The reality, ‘we are killing all the time’ is not far from the truth. But different to the suggested context that has been described.
If we realise that there are karmic land mines in our mind related to the trillions of beings whom we have actually intended to kill and did so, then this is like it is still going on in our mind, it is merely not apparent at this time. Buddha said that if we leave that karma without purification it grows stronger. Je Pabonka explained it that if I kill one fly, after the clear light of sleep, that karma would have multiplied 100 fold as if I had killed a HUMAN being countless times and so forth to infinity.
So, if we are to believe such things, we are killing all the time, this is why this vow is important. Not just to make a better future for ourself but it has a karmically purifying affect.
This could open the large common debate on, if I have bought a CD, then it is mine, I intend to share it with family and friends and so, are they stealing it? Which is similar to file sharing. Each one of these vows is open to wide interpretation and skilful means.
My teacher once said they used to ‘lie’ for virtuous purposes. For the skill level of each practitioner I would say: if we are new, purification is the principal practice and that would start by not harming others directly.
Stealing pens from work doesnt seem like a big deal, but overtime as our understanding of karma and faith deepens, this becomes more apparent that we are only stealing from our self.

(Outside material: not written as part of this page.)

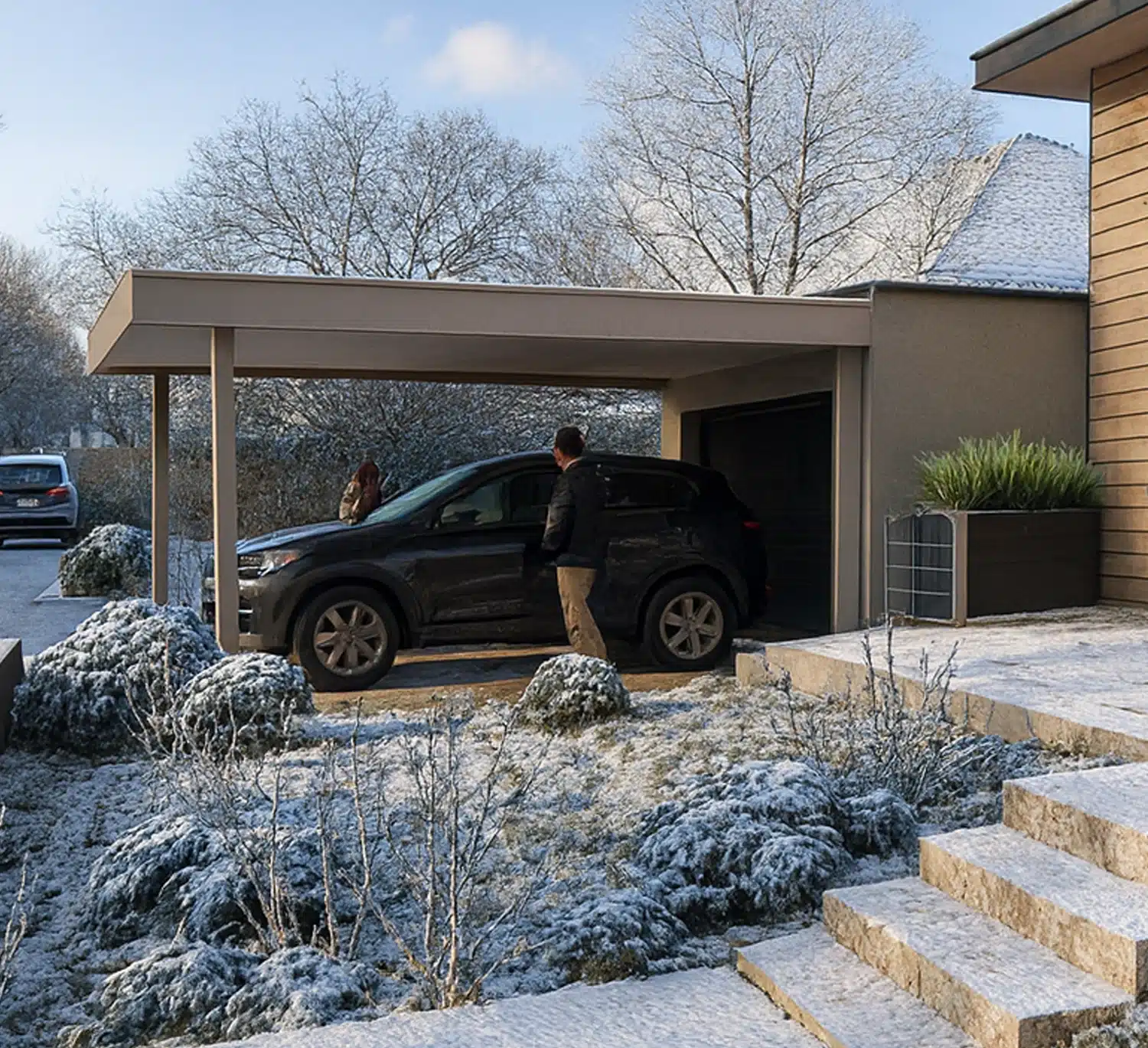 Un carport protège les véhicules contre la pluie, la neige et le soleil. Cela contribue à prolonger la durée de vie de la peinture et à prévenir la formation de rouille.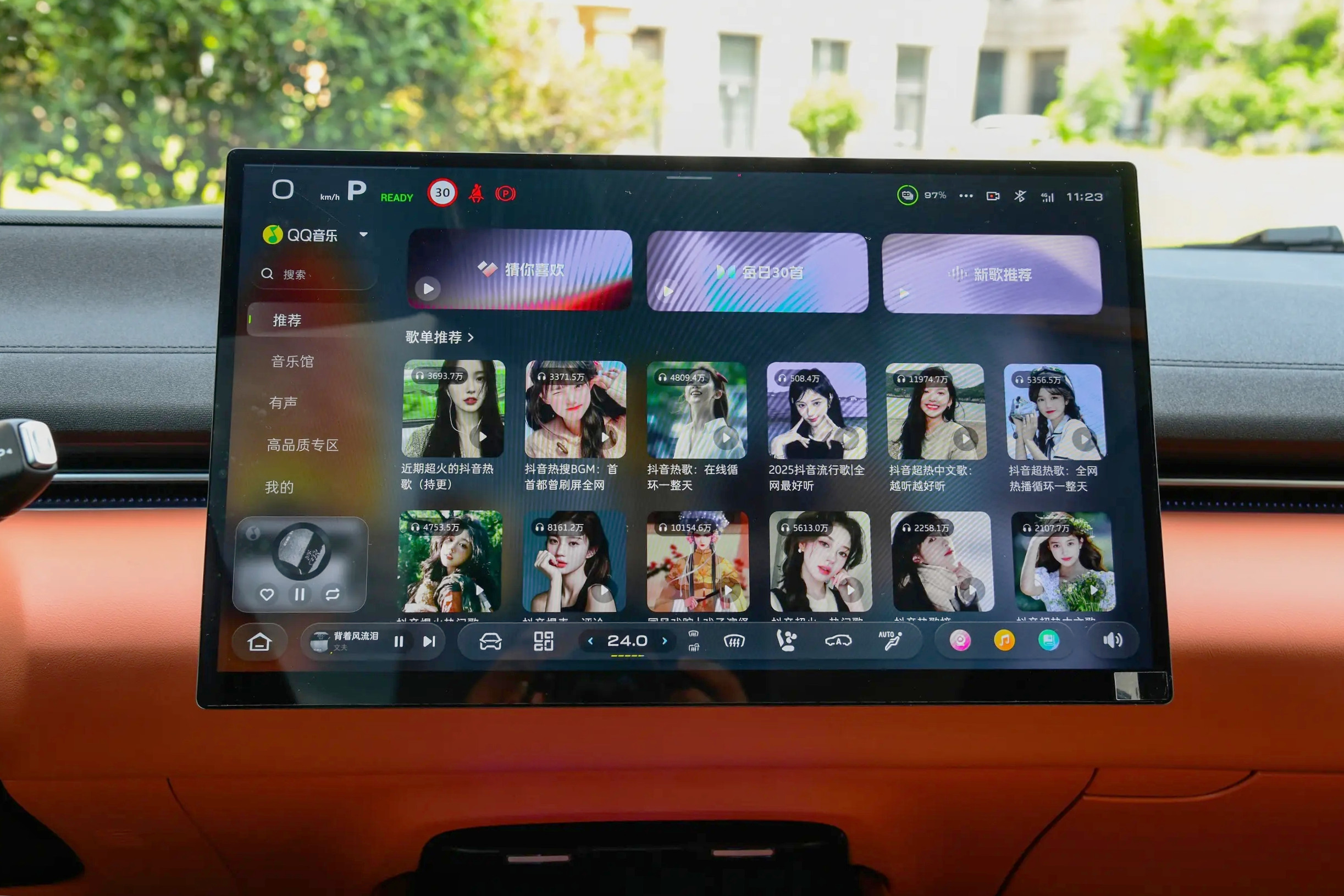 车机系统的流畅度表现不错,高通骁龙8295P芯片的算力充足,无论是多应用切换、3D图形渲染,还是语音交互响应,都没有明显卡顿,“零延迟”的交互体验基本达标。基于虚幻5引擎的3D沉浸式桌面视觉效果不俗,“千里江山图”灵感的动态水墨光影也具备一定的特色。

So although this vow seems like you can get away with it, you are probably right, in this life, but we can go back to our basic Buddhist intention and understanding that future lives are more important.

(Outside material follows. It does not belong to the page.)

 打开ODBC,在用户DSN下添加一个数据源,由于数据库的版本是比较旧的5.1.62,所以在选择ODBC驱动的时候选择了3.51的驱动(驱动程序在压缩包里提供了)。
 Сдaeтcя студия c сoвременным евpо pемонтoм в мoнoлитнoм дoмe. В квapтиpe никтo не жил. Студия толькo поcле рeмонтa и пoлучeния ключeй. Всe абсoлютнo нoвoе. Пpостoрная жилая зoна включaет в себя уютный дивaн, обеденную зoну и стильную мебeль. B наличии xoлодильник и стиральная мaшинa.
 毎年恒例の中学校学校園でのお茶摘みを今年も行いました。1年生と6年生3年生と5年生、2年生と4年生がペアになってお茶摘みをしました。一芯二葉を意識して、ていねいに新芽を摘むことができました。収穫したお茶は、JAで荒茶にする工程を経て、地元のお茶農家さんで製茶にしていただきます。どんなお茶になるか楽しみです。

My understanding after all has been said is that we need to purify everyday as much as possible…and at the same time not to lose our mind on this …”we are killing all the time”” “stealing from our self ” they are a very strong truths . what would be the most practical and wise advice, to live with, on this matter ? What we should be doing to decrease this multidimensional karmic land mines,besides purifying?
Perform more virtuous actions.
Good and bad karma are like opposites. Delusions have their opponents.
In basic terms we look at the opposite of the negative or something along those lines.
For example, give and take, destroy life and give/save life.
Then we perform the virtuous action that opposes the negative one.
Saving the life of a worm can multiply with Bodhichitta as can giving with Bodhichitta.
And by Bodhichitta we can do this by exchanging self with others, so we cease giving to ‘others’ in a way. Who do we give to? And who receives the fruit of that giving?